I grew up reading Enid Blyton books, The Famous Five and the Secret Seven. Fantasising about their adventures and wishing I could have one just like them. I was always amazed that their parents never told them off. My parents, Pakistani migrants, would have had something to say if we had sailed away and not told anyone, or chased some criminals.
I used to dream of being part of the group that could tackle problems which seemed too big for children to manage. No such luck. The only adventure I had was coming to Glasgow from Pakistan.
Can the love of adventure be in the blood? Is it something genetically passed down via generations?
Thinking of adventures is like comedy: it’s very subjective. Somebody might like Billy Connolly and another person might like Michael McIntyre. But no one is wrong, just different.
My parents’ adventures started when they had to leave India as a result of the partition. The British, after not being invited to India, stripping it of its jewels and precious items, decided to get up one day and leave after 200 years. Just like that.
Their parting shot was to make more mayhem by creating new countries; West Pakistan and East Pakistan – which later became Bangladesh.
The reasoning, was to put all the Muslims into another region. And so began the unholy movement of millions of people from all sides of the borders. Thousands were killed and maimed, and relations between Pakistan and India have been strained since then. Families were broken up, land and houses lost, mayhem and pain endured.
Both my parents took part in this adventure, a far sight from the ones that the Famous Five had. It is something they didn’t want to revisit or talk about and who can blame them. Bloodshed and violence that was seen along the way would have been too much for any adult, never mind children. Did they get counselling? Did they get help? Did they know where they were going to live?
Despite this, my parents had a good childhood, growing up in different parts of Lahore until meeting at university. They decided to continue their love of adventure by coming to Glasgow in the 1960s when my father was offered a scholarships to do a PhD in chemistry from Strathclyde University.

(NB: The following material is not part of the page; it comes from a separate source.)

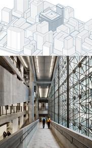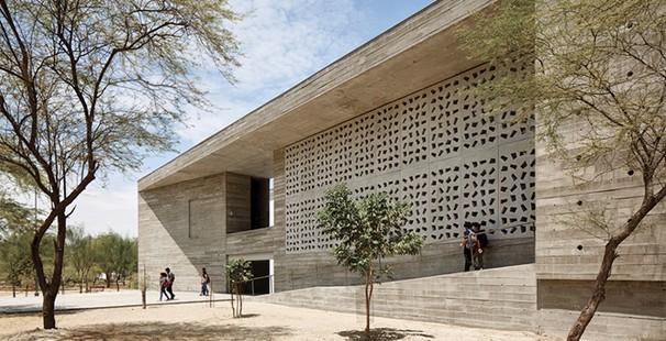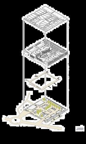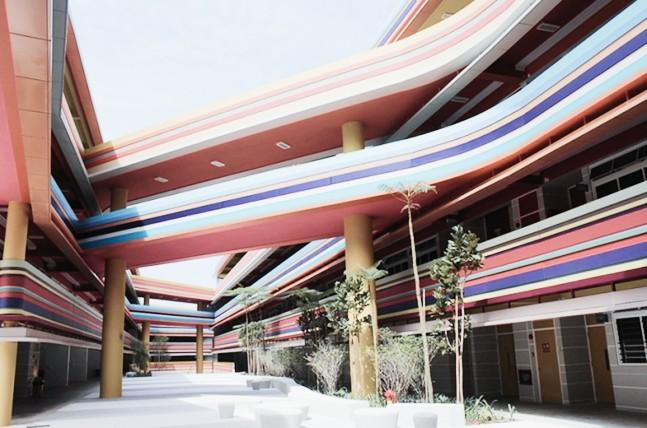 Del exterior, se tiene la impresión de un edificio compacto, geométricamente puro (70 x 70 m) pero al interior, se descubre un conjunto de 11 edificios independientes, de dos y tres niveles, bajo una cubierta generosa que produce sombra a los múltiples espacios de encuentro y circulación.

My first adventure was going to school where no-one spoke Urdu and ate food with no spices in it – I still can’t face the thought of mince and tatties! As my parents grew more comfortable with their surroundings, I was allowed to walk to school and buy an apple from the greengrocer on the way. I’m sure that is where my love of shopping came from. This wasn’t just your regular greengrocer who only sold fruit, vegetables and, very occasionally, flowers. This was a special greengrocer. It also sold delicious homemade cakes. My eyes always went to the gingerbread cake but, as a good obedient Pakistani girl, I did as I was instructed and only bought an apple. One day when I was in with my mum, the shopkeeper praised me and said how good I was to buy an apple every day. My mum patted me on the head and agreed with him, but inside I was dying. If only they knew that I really wanted a gingerbread cake. To this day I still love a gingerbread cake with icing on it.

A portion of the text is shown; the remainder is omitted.